Les gouvernements successifs constitués après le 14 janvier 2011 ont tous proclamé leur volonté de mettre fin à la marginalisation de certaines régions sans jamais rompre avec un modèle de développement qui a conduit à cette même marginalisation. En effet, l’aggravation des inégalités régionales réside fondamentalement dans une conception erronée du développement économique et social. Cette conception perdure. De plus, le développement des régions en retard requiert que l’on agisse concomitamment et dans le cadre du même plan régional sur trois volets : l’infrastructure de base, la mise à niveau du capital humain, l’implantation de nouvelles activités économiques, dans le secteur secondaire en particulier.
L’Etat tunisien s’est cru quitte en agissant sur le premier volet, accessoirement sur le second et pas du tout sur le troisième. Il délégua au seul Code de l’investissement le soin d’y pourvoir. On sait ce qu’il en est advenu. L’investissement privé, qu’il soit national ou étranger, n’a pas pu ou voulu y satisfaire, et ce, en dépit de tous les aménagements introduits dans ce même code au cours des cinq dernières décennies. Les tendances n’ont jamais été altérées, encore moins inversées.
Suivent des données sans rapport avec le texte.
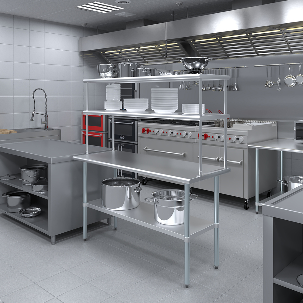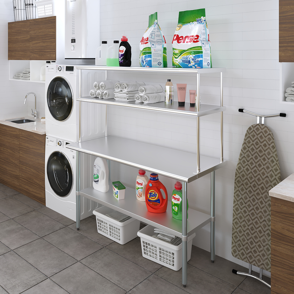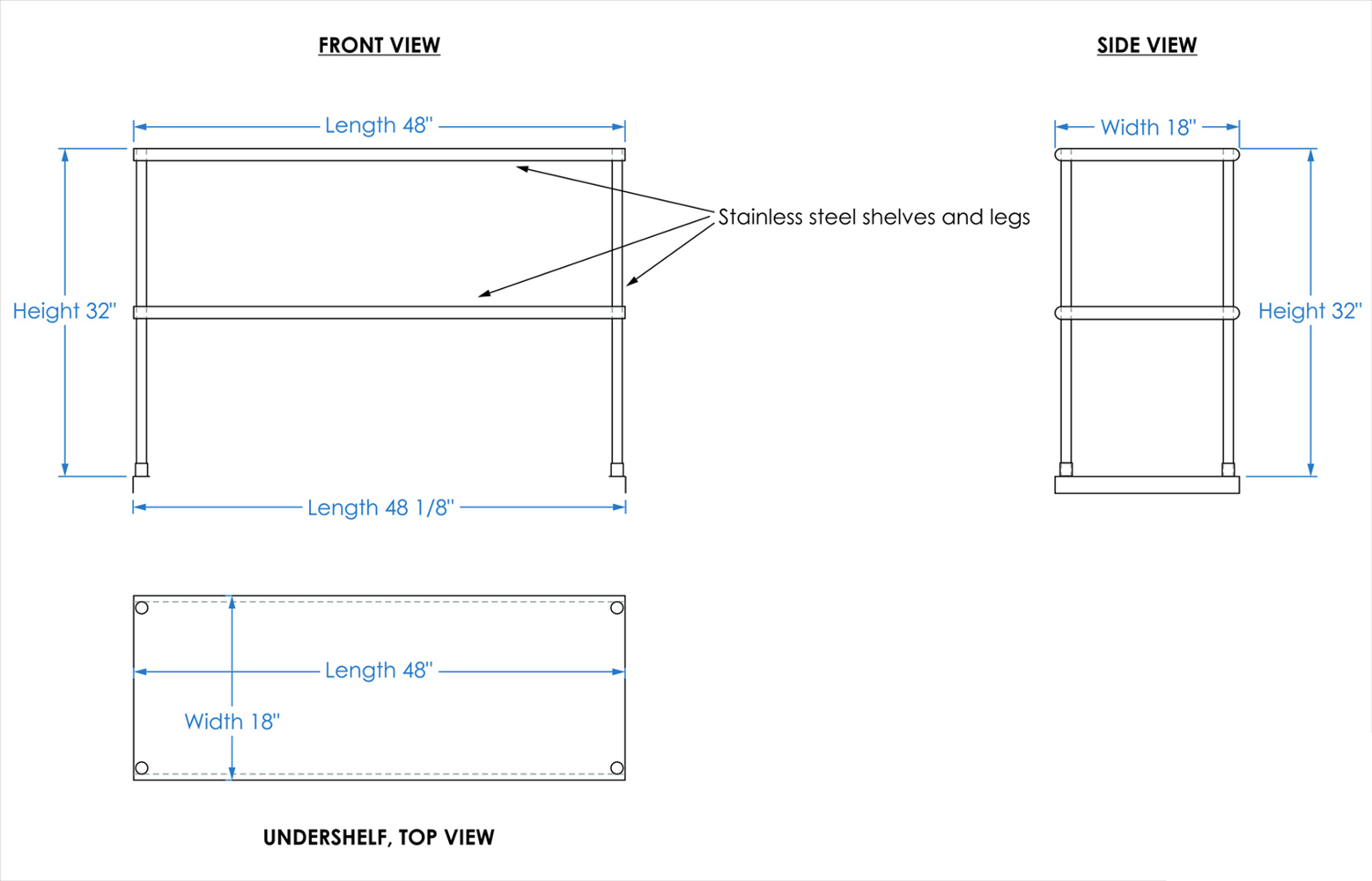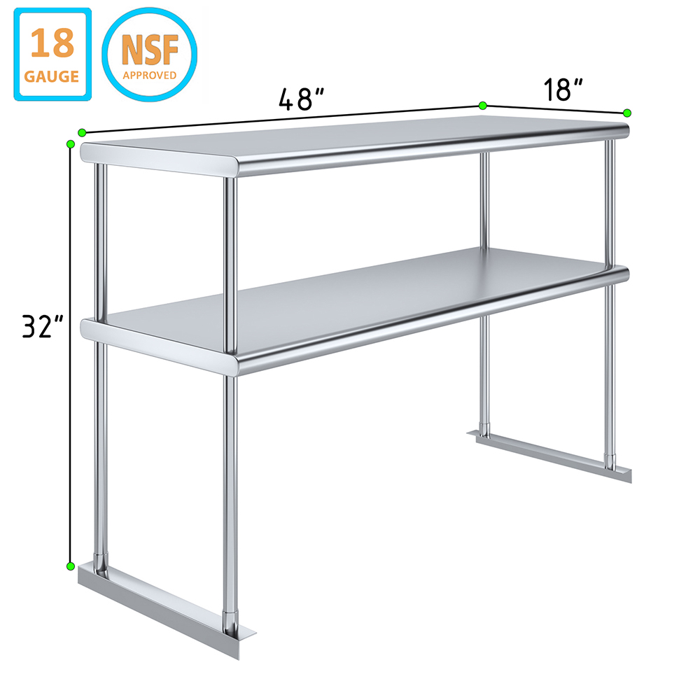 Measuring 18 inches in width and 48 inches in length, this compact yet spacious shelf offers ample storage space across two tiers. The double-tier design maximizes vertical storage capacity, making it ideal for organizing a variety of kitchen essentials, including utensils, ingredients, cookware, and equipment. The open-shelf design allows for easy access and quick retrieval of items, streamlining your workflow and improving productivity.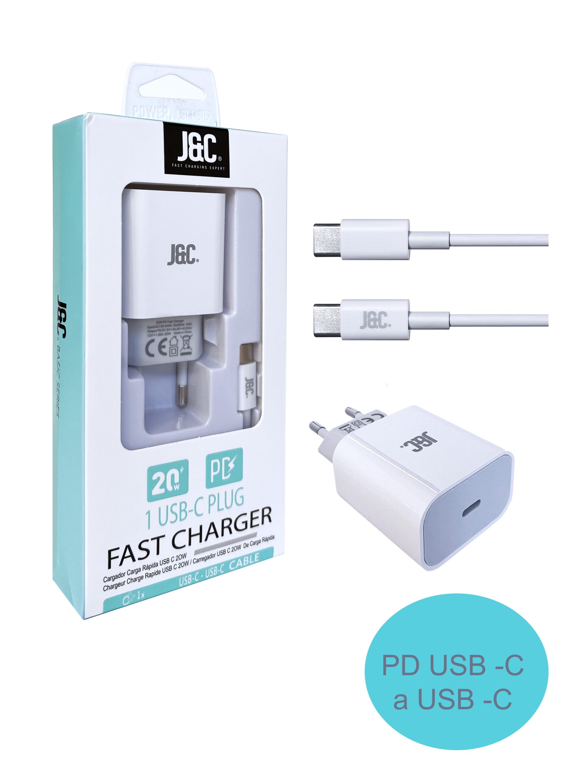 Cargador PD Carga rápida 1 USB-C 20W PD Cable USB -C a USB-C J&C C509 PD Blanco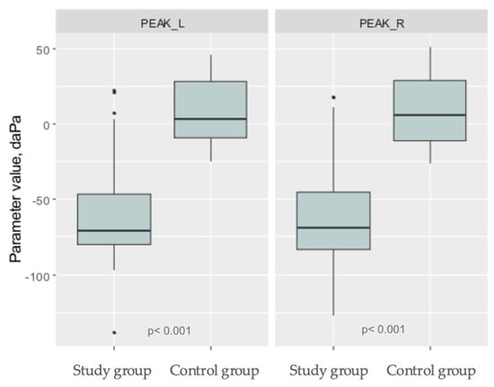 Boxplots representing level of analyzed tympanometry parameters in research group and control group. PEAK L- parameter value in left ear. PEAK R- parameter value in right ear.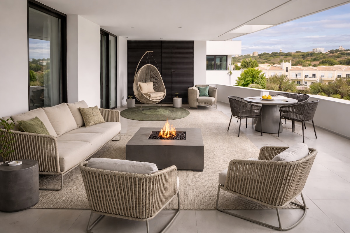 Newly furnished 3-bedroom villa with private pool, BBQ terrace and fireplace in peaceful Montinhos da Luz — 5 min from Praia da Luz beach and 10 min from Lagos old town. Featuring an 85" Samsung Smart TV, modern designer furniture throughout, AC in every room, and high-speed WiFi (100 Mbps). 2 full bathrooms plus a guest WC, fully equipped kitchen with pool views, and a beach kit included. Perfect for families, couples, remote workers and golf groups.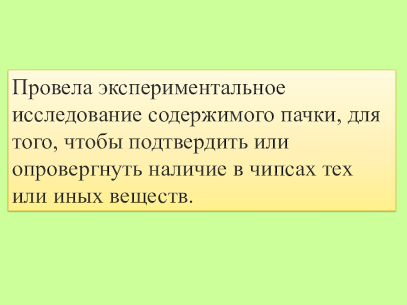 Слайд 17Провела экспериментальное исследование содержимого пачки, для того, чтобы подтвердить или опровергнуть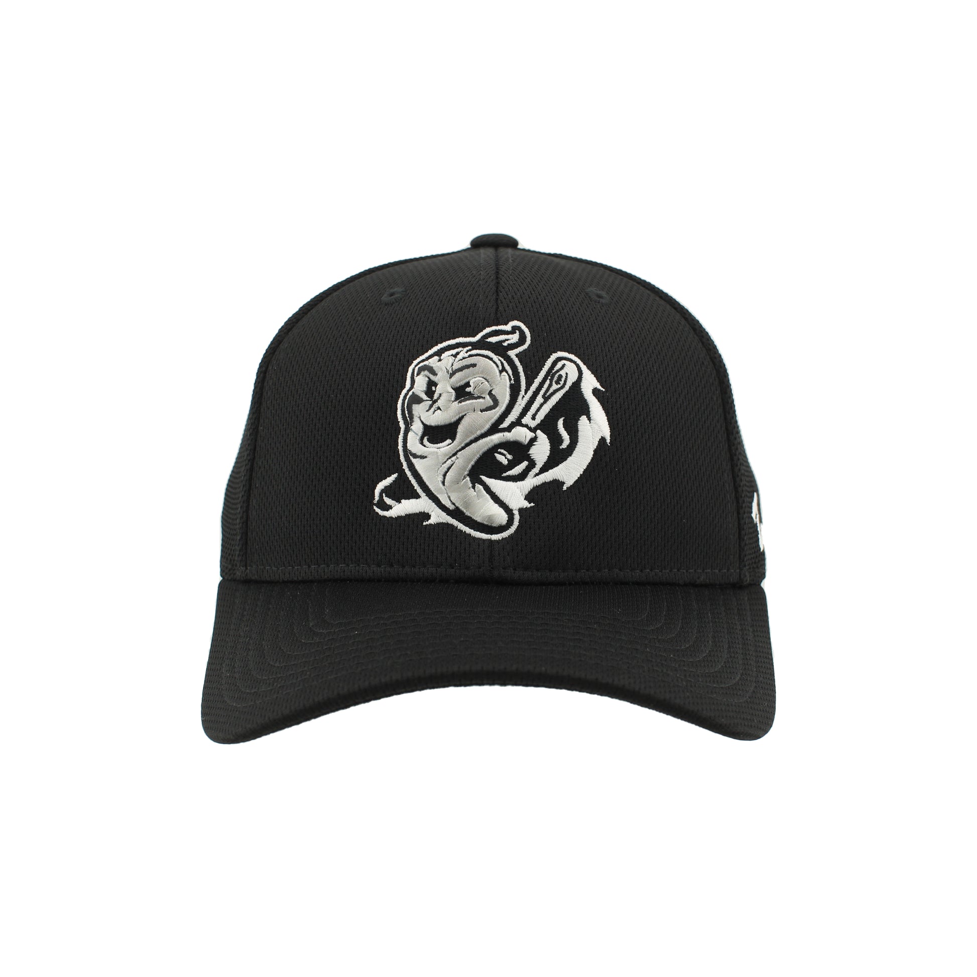 The Gastonia Ghost Peppers Black Silver Smash Logo Fitted Hat is a striking, bold statement piece that combines sleek design with high-impact style. Featuring two of the iconic Ghost Pepper logos, this baseball hat is elevated with a unique reflective silver logo that adds a modern, eye-catching touch. The deep black fabric contrasts beautifully with the metallic accents, making this cap perfect for those who want to stand out.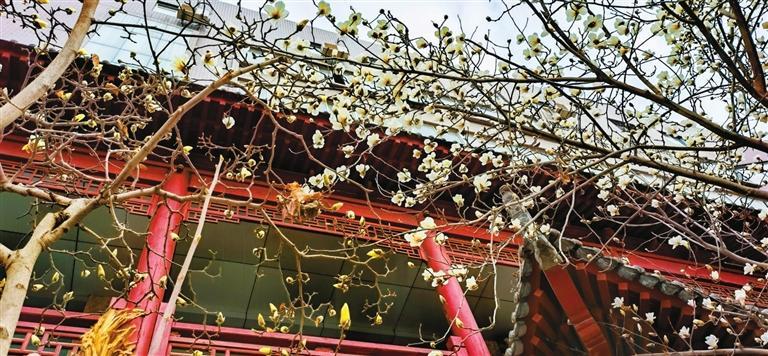 3月10日,記者途經秦州區(qū)自由路玉蘭一條街時欣喜地看到,由東往西走,穿過刻有“秦風在茲”的天水古城牌坊,滿巷漸次盛開的玉蘭花一樹樹玉樹臨風,一朵朵冰清玉潔。平房民居的屋頂上、脊獸斗拱邊,橫橫斜斜“躺臥”著若干膚白肌潤的花朵,借景為鄰靜觀細瞧,人與花似感心意相通,片刻間也能生出不少情趣來。

Au final, la Tunisie de 2016 accuse plus de différences régionales qu’en 1956. On peut certes faire ressortir « l’exception » des acquis éducatifs, moins inégaux, mais si on veut aller au-delà de la surface des choses, on constate qu’en 2014 les analphabètes constituent 32,9% de la population âgée de 10 ans et plus dans le gouvernorat de Kairouan, 32,1% à Jendouba, 32% à Kasserine, 31% à Siliana et 29,2% à Sidi Bouzid.
Une colère sourde et inquiétante monte crescendo dans certaines régions du pays. Elle a pour origine l’accumulation des frustrations, l’accroissement des inégalités régionales et de la misère sociale et l’incapacité du pouvoir, de tous les pouvoirs, d’y remédier. Si cette colère n’est pas écoutée avec respect, humilité et lucidité, si elle n’est pas prise au sérieux par le pouvoir et la collectivité nationale dans son ensemble, si on s’obstine à n’y répondre que par des subsides ou des palliatifs, elle se transformera inévitablement en révolte sanglante et dévastatrice dont les conséquences sur l’unité nationale et la paix civile seront plus graves que le terrorisme lui-même.